Once the line containing "售价1899元的AirPods Pro 3不再随盒附赠USB-C充电线,仅提供耳机与充电盒。据悉,去年AirPods" is found in the records below, return it and each following line exactly, up to and including the line containing "Carpeted, windows to", and nothing else.

» **Records for processing**:
-----
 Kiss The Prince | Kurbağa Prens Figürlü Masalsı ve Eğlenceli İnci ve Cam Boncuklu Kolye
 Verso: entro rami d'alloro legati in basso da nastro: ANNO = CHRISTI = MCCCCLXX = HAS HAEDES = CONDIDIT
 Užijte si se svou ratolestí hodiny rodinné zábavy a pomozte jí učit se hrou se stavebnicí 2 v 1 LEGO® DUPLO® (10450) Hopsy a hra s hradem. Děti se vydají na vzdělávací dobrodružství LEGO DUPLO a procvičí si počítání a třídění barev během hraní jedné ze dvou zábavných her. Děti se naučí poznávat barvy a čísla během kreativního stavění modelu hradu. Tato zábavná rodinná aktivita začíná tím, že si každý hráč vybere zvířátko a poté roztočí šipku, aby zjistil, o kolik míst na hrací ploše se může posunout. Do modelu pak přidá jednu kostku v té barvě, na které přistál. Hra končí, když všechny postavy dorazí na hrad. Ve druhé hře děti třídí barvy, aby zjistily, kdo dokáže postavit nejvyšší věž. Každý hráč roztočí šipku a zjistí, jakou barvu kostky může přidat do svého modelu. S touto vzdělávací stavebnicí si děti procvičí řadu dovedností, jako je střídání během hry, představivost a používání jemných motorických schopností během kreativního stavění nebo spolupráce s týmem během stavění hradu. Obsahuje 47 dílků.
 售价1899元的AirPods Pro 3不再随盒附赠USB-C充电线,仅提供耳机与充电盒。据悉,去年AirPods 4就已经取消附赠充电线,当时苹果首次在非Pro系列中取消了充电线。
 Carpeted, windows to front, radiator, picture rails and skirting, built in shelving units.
-----
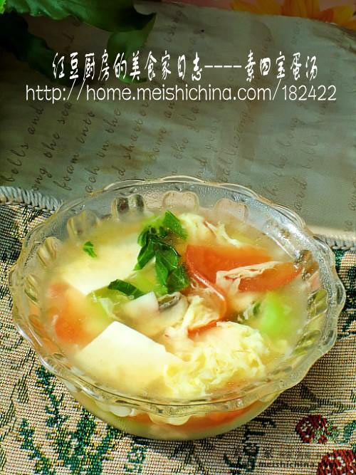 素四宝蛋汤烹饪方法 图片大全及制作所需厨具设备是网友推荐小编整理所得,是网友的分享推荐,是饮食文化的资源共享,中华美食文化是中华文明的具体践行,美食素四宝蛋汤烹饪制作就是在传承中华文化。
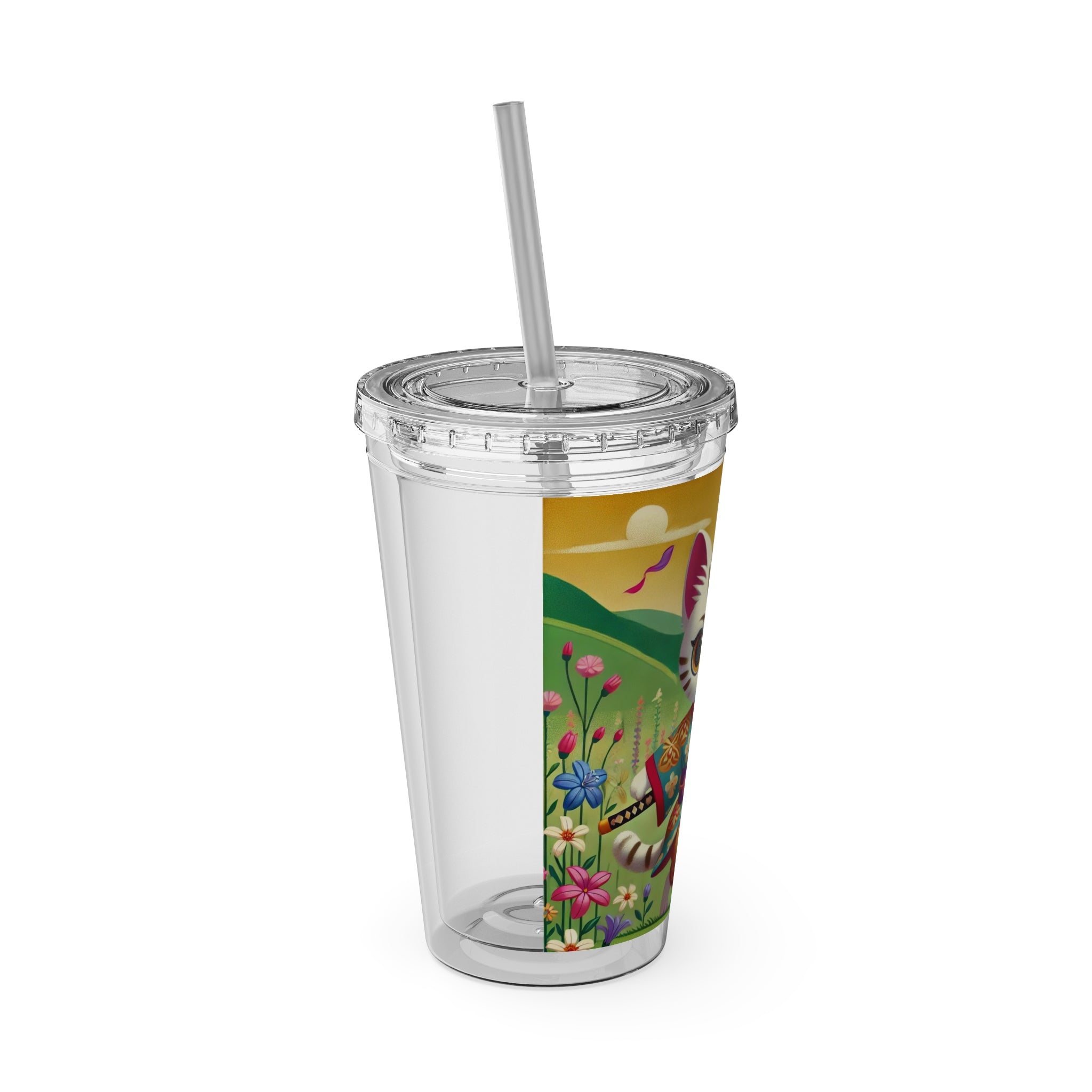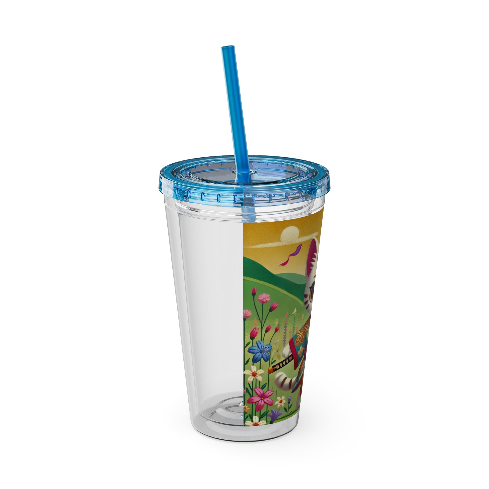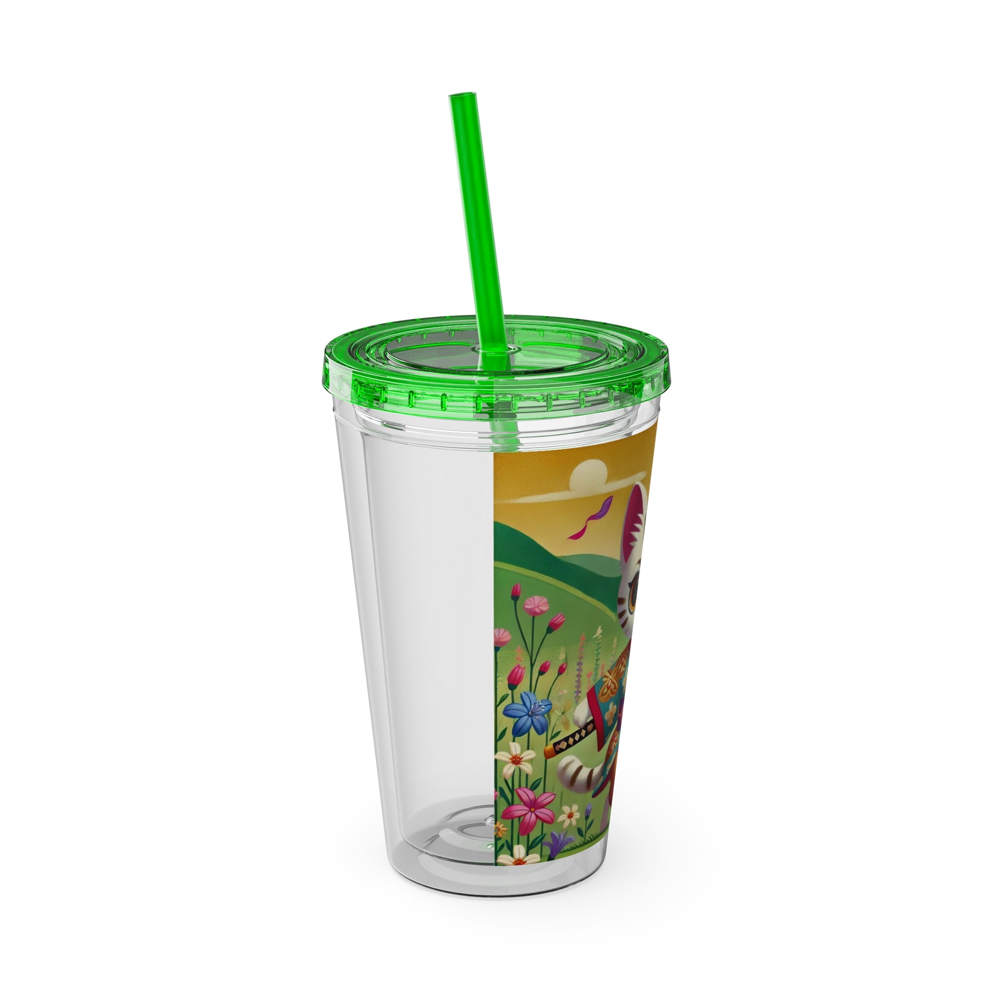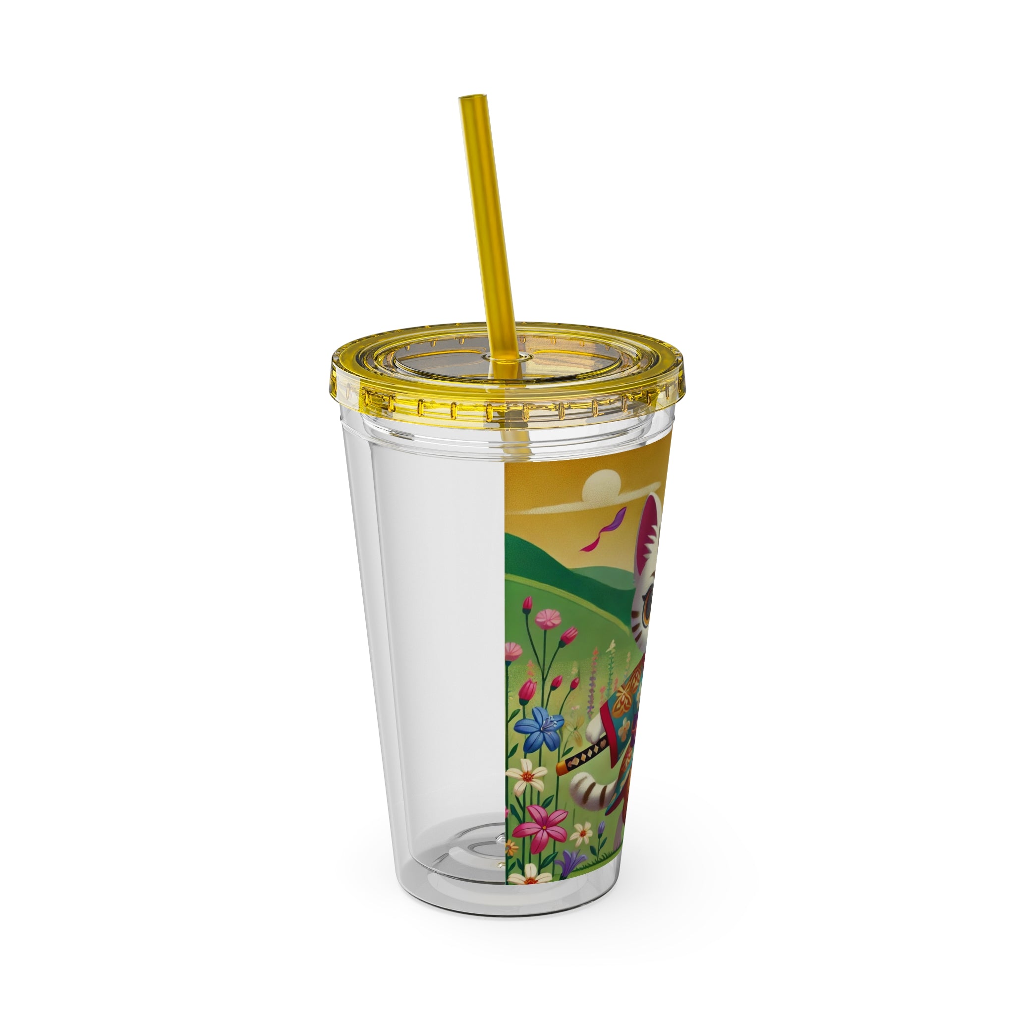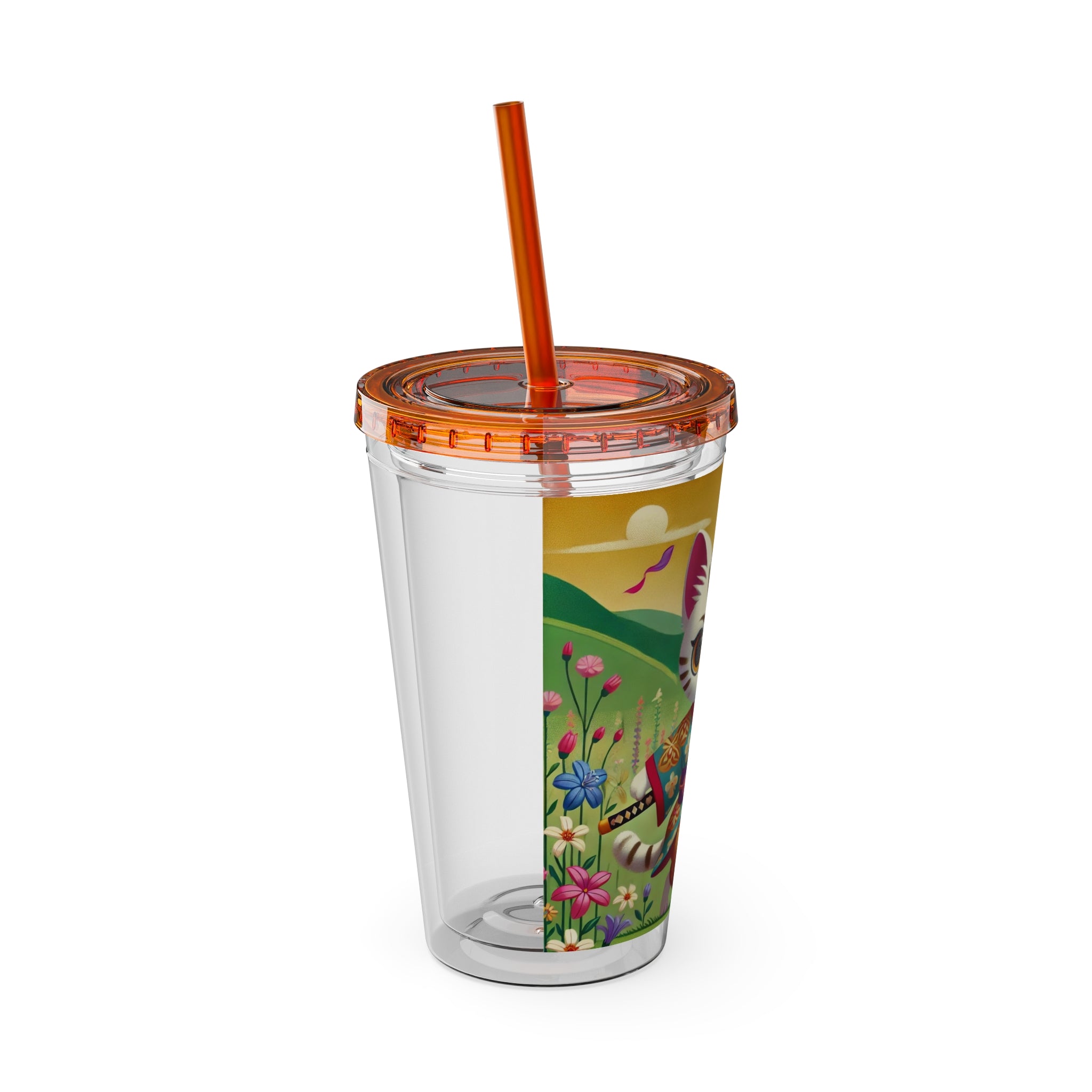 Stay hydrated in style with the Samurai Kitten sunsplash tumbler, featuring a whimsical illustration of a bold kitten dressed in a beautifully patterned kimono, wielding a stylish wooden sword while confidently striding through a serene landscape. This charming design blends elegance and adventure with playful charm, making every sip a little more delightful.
-----
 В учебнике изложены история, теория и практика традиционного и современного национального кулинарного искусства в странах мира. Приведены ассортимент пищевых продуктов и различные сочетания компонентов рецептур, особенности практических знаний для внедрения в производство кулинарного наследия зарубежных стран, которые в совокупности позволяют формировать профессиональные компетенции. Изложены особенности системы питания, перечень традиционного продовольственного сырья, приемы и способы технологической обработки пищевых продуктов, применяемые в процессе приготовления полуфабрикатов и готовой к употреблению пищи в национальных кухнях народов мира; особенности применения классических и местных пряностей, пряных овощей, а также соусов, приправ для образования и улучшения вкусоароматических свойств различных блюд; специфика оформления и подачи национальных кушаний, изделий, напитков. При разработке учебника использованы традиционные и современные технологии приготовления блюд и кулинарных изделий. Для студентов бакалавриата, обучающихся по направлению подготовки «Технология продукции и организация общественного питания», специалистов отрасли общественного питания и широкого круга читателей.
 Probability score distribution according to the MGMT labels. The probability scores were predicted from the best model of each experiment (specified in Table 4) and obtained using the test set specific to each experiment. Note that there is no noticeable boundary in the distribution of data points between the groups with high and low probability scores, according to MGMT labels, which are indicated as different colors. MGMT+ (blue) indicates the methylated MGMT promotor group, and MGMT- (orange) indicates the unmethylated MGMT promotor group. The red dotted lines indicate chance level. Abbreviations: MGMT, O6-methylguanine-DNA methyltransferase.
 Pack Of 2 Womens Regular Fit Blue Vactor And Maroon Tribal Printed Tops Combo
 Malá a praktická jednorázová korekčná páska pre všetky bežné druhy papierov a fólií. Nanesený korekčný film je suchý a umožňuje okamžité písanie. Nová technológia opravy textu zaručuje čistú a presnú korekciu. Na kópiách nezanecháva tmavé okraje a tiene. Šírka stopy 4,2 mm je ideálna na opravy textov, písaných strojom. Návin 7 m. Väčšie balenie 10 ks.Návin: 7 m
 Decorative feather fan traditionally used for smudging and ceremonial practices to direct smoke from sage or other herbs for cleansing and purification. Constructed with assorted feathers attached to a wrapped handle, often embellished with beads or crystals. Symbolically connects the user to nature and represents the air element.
-----
» **Your solution**:
 售价1899元的AirPods Pro 3不再随盒附赠USB-C充电线,仅提供耳机与充电盒。据悉,去年AirPods 4就已经取消附赠充电线,当时苹果首次在非Pro系列中取消了充电线。
 Carpeted, windows to front, radiator, picture rails and skirting, built in shelving units.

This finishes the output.